[Data provided Boundary: Start]

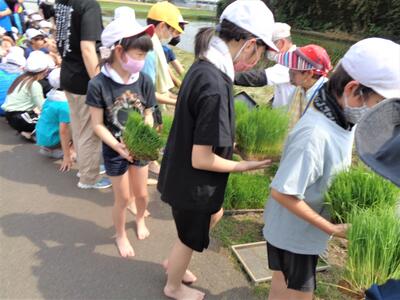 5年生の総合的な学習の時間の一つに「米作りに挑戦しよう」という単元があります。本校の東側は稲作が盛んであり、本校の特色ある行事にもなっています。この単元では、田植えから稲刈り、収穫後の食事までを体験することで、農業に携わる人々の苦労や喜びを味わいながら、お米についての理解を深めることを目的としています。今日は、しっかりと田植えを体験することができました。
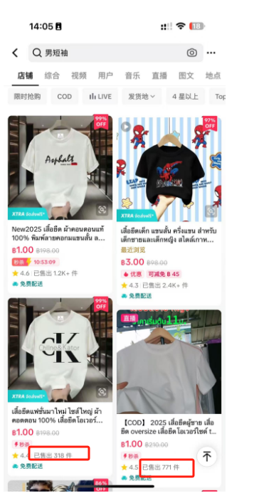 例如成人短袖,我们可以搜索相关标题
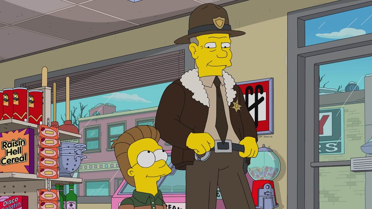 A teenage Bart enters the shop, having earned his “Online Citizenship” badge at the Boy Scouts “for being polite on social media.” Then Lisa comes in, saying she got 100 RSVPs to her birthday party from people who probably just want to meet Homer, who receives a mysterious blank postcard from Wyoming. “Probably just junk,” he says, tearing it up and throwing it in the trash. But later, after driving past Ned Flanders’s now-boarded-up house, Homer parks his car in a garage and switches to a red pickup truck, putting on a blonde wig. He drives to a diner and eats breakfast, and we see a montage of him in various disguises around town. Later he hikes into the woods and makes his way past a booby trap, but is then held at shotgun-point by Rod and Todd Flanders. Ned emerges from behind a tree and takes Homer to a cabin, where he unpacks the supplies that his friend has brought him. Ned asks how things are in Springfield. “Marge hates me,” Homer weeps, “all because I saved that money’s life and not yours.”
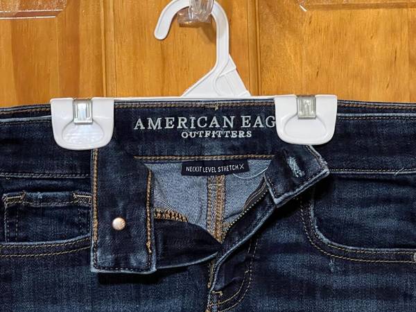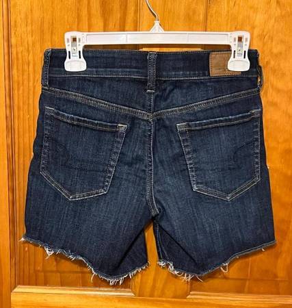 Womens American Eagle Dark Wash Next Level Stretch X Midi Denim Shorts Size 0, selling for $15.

[Data provided Boundary: End]

■ Directions for this task
Setting the pictures aside, return exactly the lines from the line with "例如成人短袖,我们可以搜索相关标题" through the last line of the listing above.

■ Output of the exercise
 例如成人短袖,我们可以搜索相关标题
 A teenage Bart enters the shop, having earned his “Online Citizenship” badge at the Boy Scouts “for being polite on social media.” Then Lisa comes in, saying she got 100 RSVPs to her birthday party from people who probably just want to meet Homer, who receives a mysterious blank postcard from Wyoming. “Probably just junk,” he says, tearing it up and throwing it in the trash. But later, after driving past Ned Flanders’s now-boarded-up house, Homer parks his car in a garage and switches to a red pickup truck, putting on a blonde wig. He drives to a diner and eats breakfast, and we see a montage of him in various disguises around town. Later he hikes into the woods and makes his way past a booby trap, but is then held at shotgun-point by Rod and Todd Flanders. Ned emerges from behind a tree and takes Homer to a cabin, where he unpacks the supplies that his friend has brought him. Ned asks how things are in Springfield. “Marge hates me,” Homer weeps, “all because I saved that money’s life and not yours.”
 Womens American Eagle Dark Wash Next Level Stretch X Midi Denim Shorts Size 0, selling for $15.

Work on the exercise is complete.